Nail-Tinted Glasses

Danil, although I never thought about it before, I can convince myself that Benford's Law is reasonable because we count in a monotonically increasing direction.

The simplest case to illustrate is a single-digit, positive number, 1-9; call it N. The odds of selecting one of them is 1 in 9, obviously. N represents the largest result we can get. You then distribute your samples randomly from 1-N and record their frequency. Repeat this many times.

You will find that 1 comes up so much because for all possible N, you will always be able to get a 1 when you distribute random data, but you cannot get a number larger than N because N was defined as the largest result for our tests.

Another way to rationalize Benford's Law is: if you are randomly deciding whether or not to increase something, you will eventually stop. So the odds are much higher of having a small total at the end than a large total because there were so many more opportunities to stop with the larger total than with the smaller one.

Do either of these explanations feel plausible?

Cheers,
--binkley

No, but don't let that stop you.

I think monotonic counting has anything to do with it - if it did, we would see the effect in uniform distributions. We don't. We would see the effect in the least significant digit. We don't.

Furthermore, though this is a phenomenon that appears regardless of base, it is not one that appears regardless of representation. Write out the numbers in roman numerals, and you'll quickly see what I mean.

The key to the puzzle is that our numerology is exponential in nature.

As for your probability puzzle,
p(k,n) = 1/n * ( H[n] - H[k-1] )
where H[n] is the nth term of the Harmonic Series

Some interesting bits here.
p(n,n) = 1/n^2 trivially.

p(n-1,n) = 1/n (1/n-1 + 1/n)
= 1/n ((2n-1)/(n(n-1))
= 1/n^2 (2n-1)/(n-1)
= 1/n^2 (2 + 1/(n-1))

p(n-1,n)/p(n,n) = 2 + 1/(n-1)

The tail of this curve starts out at a 3:1 ratio, decending to a 2:1 ratio in the limit. Similarly
p(n-2,n)/p(n,n) = 3 + (3n+4)/(n-2)(n-1)

Hah! 3:1. Any guesses how the rest of the terms go?

See also Power Law

Danil,

See below from The New York Times referring to Dow Jones index. This is explains why Benfords law doesn't work for normal distributions, e.g. lottery's were the balls are numbered but they could be labelled with anything, e.g. girls names and does for any real set of numbers,e.g. tax returns. The law is Log(d + 1/d) and shows 1 has a 30% likelyhood whereas 9 only has a 4.6% likelyhood.
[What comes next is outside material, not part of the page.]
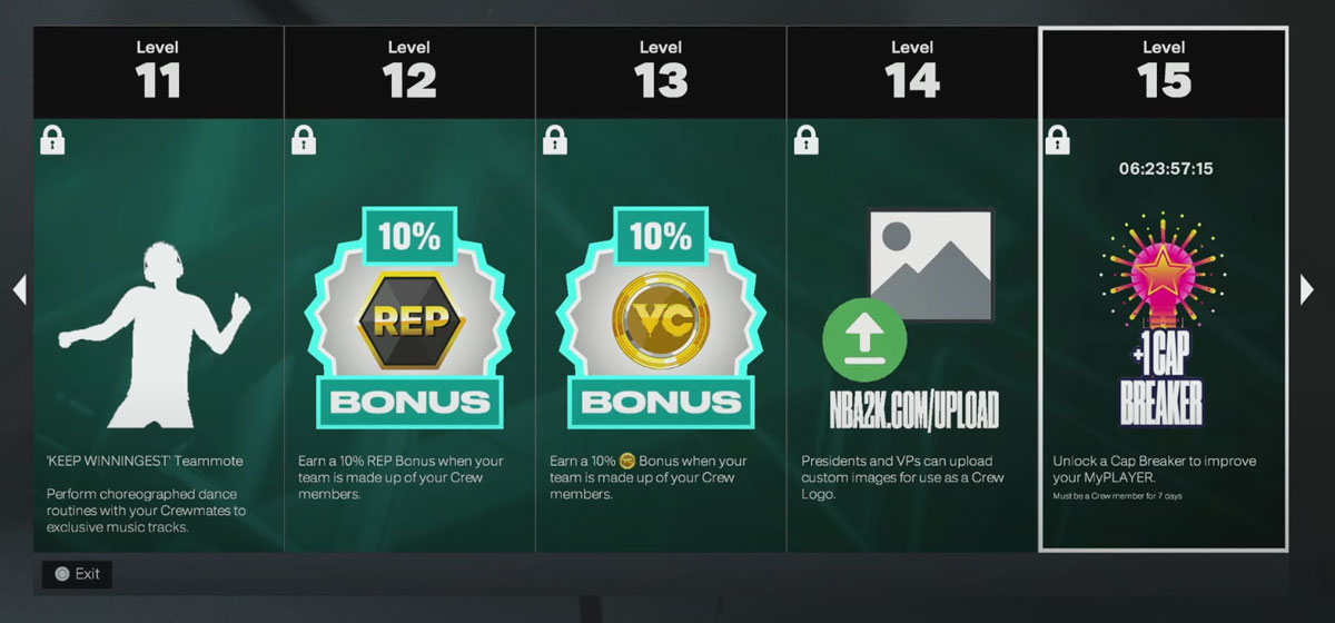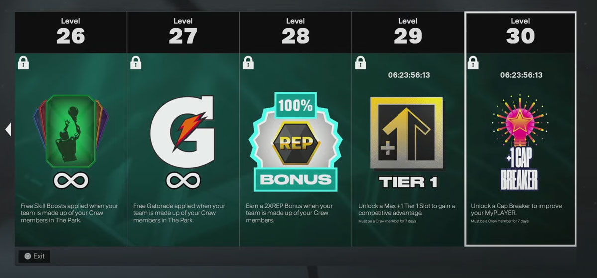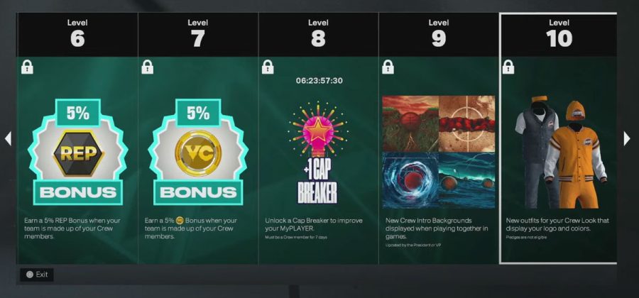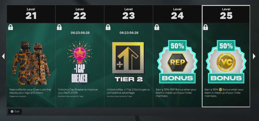 - Crews progress through 30 levels by playing games and completing weekly goals. Rewards include: custom branded clothing with uploaded crew logos, rep and VC bonuses, unlimited boosts, badge perks (such as a permanent +1), cap breakers, and more.

To illustrate Benford's Law, Dr. Mark J. Nigrini offered this example:

"If we think of the Dow Jones stock average as 1,000, our first digit would be 1.

"To get to a Dow Jones average with a first digit of 2, the average must increase to 2,000, and getting from 1,000 to 2,000 is a 100 percent increase.

"Let's say that the Dow goes up at a rate of about 20 percent a year. That means that it would take five years to get from 1 to 2 as a first digit.

"But suppose we start with a first digit 5. It only requires a 20 percent increase to get from 5,000 to 6,000, and that is achieved in one year.

"When the Dow reaches 9,000, it takes only an 11 percent increase and just seven months to reach the 10,000 mark, which starts with the number 1. At that point you start over with the first digit a 1, once again. Once again, you must double the number -- 10,000 -- to 20,000 before reaching 2 as the first digit.

"As you can see, the number 1 predominates at every step of the progression, as it does in logarithmic sequences."